Really need some help with RTEMS networking semaphores

Wed Oct 18 16:00:42 UTC 2006

I've been rewriting the Coldfire fec network driver for a week now to
try and make it stable under a significant network load and I'm running
into considerable trouble with deadlocks and network semaphore issues.
The next 2 days are important, if I can't get the driver stable then I
will have to abandon the network stack and try to kludge something up
with message queues.

The rx and tx tasks both sleep on rtems_bsdnet_event_receive().  When
they respectively awake, now having the semaphore, they both perform
their expected tasks, and then go back to sleep on the event again; rx
task allocates mbufs & sends them to ether_receive, tx task copies off
the mbuf data to the transmit buffers, etc..  This is all fine when the
I/O rate is low, but when it picks up, then the stack has issues, it
either silently deadlocks, prints that its waiting for mbufs (waits
forever, printing that its waiting every few secs), or says it can't
release the network semaphore and also deadlocks.

Version is RTEMS 4.6.6

I have the network task priority == 1, all other tasks lower.  256k in
both the mbuf_bytecount and mbuf_cluster_bytecount.

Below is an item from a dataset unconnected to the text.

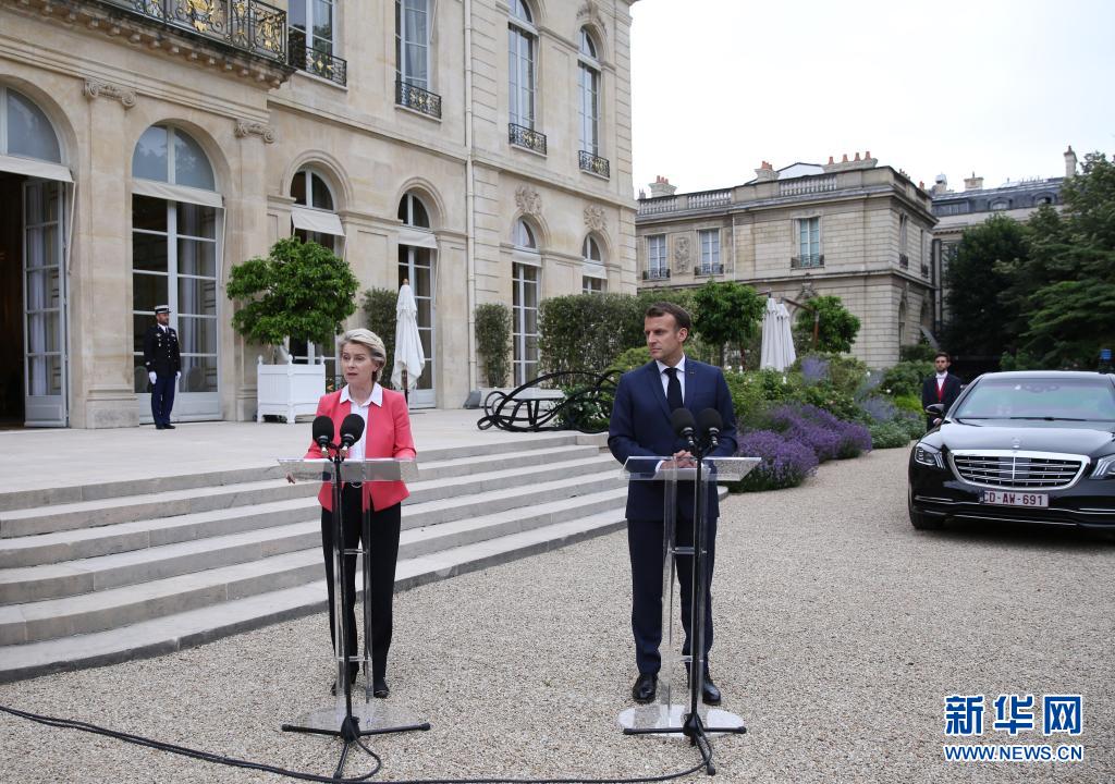 6月23日,法國(guó)總統(tǒng)馬克龍(右)與歐盟委員會(huì)主席馮德萊恩在巴黎總統(tǒng)府愛(ài)麗舍宮出席新聞發(fā)布會(huì)。

The problems mostly manifest in tcp receives by the RTEMS ftpd, but
rapid UDP sends also seem to lock up the stack.

The tx task always clears the tx queue; loading packets onto the card
till its full and dumping the rest.  Rx task receives packets, once an
mbuf allocation (done with M_DONTWAIT) fails, all remaining rx packets
on the card are dumped.  Thus the driver (theoretically) never queues tx
buffers and will not stall the card waiting for rx mbufs.

The questions that I'd <really> like to find answers to are;

Are there SPECIFIC guidelines anywhere about how driver rx & tx tasks
may and may not work with mbufs and how the network semaphore is to be
used?  The Network supplement is very general and quite old at this
point.

Is it true that the rx and tx tasks can allocate and free mbuffs as
needed when they have the network semaphore, OR must additional
semaphore release/obtain invocations be used for each and every mbuf
manipulation?

Under what conditions does the stack deadlock and what can drivers do to
help prevent it from doing so?

What is the functional relationship between the mbuf_bytecount and
mbuf_cluster_bytecount?

What should their relative sizings be?

Thanks,

Greg